=== Task to carry out ===
Leaving out every picture, copy the lines of the material below exactly, from the line containing "FALLBROOK $790,000 4.09" through the line containing "2.0 TCW Round".

=== Input data ===
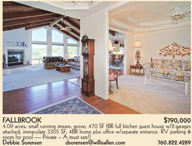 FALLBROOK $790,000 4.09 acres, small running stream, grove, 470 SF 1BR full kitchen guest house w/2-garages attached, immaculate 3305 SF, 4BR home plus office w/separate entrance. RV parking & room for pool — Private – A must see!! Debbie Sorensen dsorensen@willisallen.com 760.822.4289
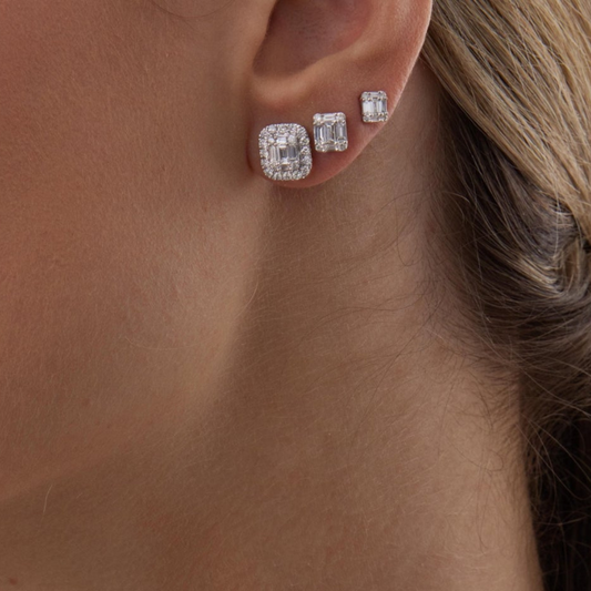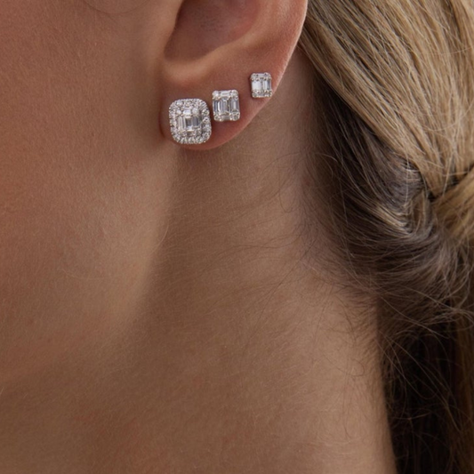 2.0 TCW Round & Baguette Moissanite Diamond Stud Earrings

...

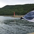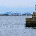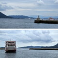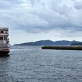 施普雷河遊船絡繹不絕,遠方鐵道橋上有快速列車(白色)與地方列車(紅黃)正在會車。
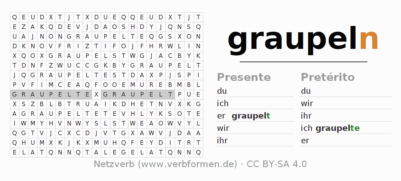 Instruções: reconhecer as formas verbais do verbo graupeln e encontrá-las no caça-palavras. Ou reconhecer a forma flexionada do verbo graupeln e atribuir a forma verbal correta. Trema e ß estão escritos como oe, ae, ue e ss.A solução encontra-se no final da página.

=== Solution ===
 FALLBROOK $790,000 4.09 acres, small running stream, grove, 470 SF 1BR full kitchen guest house w/2-garages attached, immaculate 3305 SF, 4BR home plus office w/separate entrance. RV parking & room for pool — Private – A must see!! Debbie Sorensen dsorensen@willisallen.com 760.822.4289
 2.0 TCW Round & Baguette Moissanite Diamond Stud Earrings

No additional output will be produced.